Making the perfect cup of tea can be a simple or precise as you like. Regardless of how exacting you want to make your infusion, there are three key things to always remember. Leaf weight, temperature and time. It is these three variables that have the most impact on the flavour in your cup.
When choosing a tea, always opt for a loose leaf variety which is far superior to anything you’ll find in a tea bag. There are thousands of brands to choose from, but it’s a case of buyer beware. Most tea merchants buy teas in bulk from middle men and don’t know the true details or specific origin of the teas they are selling. Look for small-batch, seasonal teas with detailed provenance information. If you can find information about the season, year, tea master, craftsmanship and cultivar then chances are you a buying your tea from a reputable source who has evaluated the tea professionally. Buy your tea in a similar way to how you might buy wine. Read the tasting notes, learn about the region or tea master and try new styles that are innovative or are renowned for their excellent terroir or meticulous craftsmanship.
Many tea connoisseurs will only use bottled or filtered spring water. Controlling the water gives you consistency in flavour. If the water in your area is particularly hard or particularly soft, this will influence that taste of your tea. To the trained palate this can be very evident, but for the everyday drinker there is no need to rush out and buy bottled water. Instead, try to use fresh water and don’t re-boil the liquid in your jug because boiling water lowers the amount of carbon dioxide present and decreases the acidity of the water. It is this acidity that helps release flavours in the leaf. Re-boiled water will result in a duller, flatter tasting tea with less aroma.
Most authentic artisan teas will include instructions on the amount of leaf you should use. Different teas have different weights and densities so often these instructions will be in grams rather than teaspoons, as it can vary so much depending on the type of tea. If you don’t have a set of mini scales, as a general rule work of two to three grams of tea to 150 or 200 millilitres of water. Place the leaf in a fine sieve infuser basket or teapot. Borosilicate glass is best for its temperature control properties and it also allows you to assess the colour of your infusion.

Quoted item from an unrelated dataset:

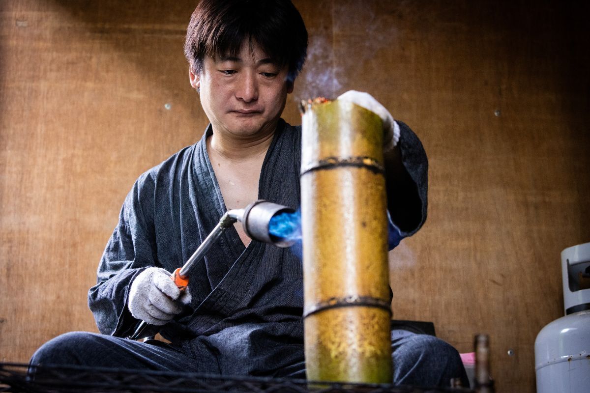 生竹の状態では水分が多すぎるのと油分が焼酎封入には適していないため、バーナーで油抜き、20~30分の水抜きを行います

This is where most people go wrong. The style and type of tea you’re drinking dictate the water temperature you should infuse at. Premium artisan teas should come with a recommended temperature. As a general guide you can use 90°C to 100°C for blacks and puerhs, 80°C - 95°C for oolongs, 65°C - 80°C for greens, 70°C for yellows, and 60°C - 75°C for whites. A temperature control kettle is a very worthwhile investment.
Again, the infusion time varies according to the tea, the main factor being leaf size. Try following the recommended suggestion on the label but feel free to experiment and play around to suit your own tastes. Generally, the smaller the leaf the shorter the length of the infusion. Until you become familiar with the tea try leaving the leaf infuse for a minute or two and then taste. When it tastes right to you, make sure you remove the leaves from the water or decant the steeping vessel to avoid over-stepping. If the leaves continue to sit in the water the liquid will become bitter and astringent. Don’t forget, high quality leaves can be re-infused multiple times, for example some rolled style oolongs can be used up to ten times before you need to use fresh leaves.
Infusing fine tea can be as complex or as simple as you like. Try to experiment and let your palate be the guide.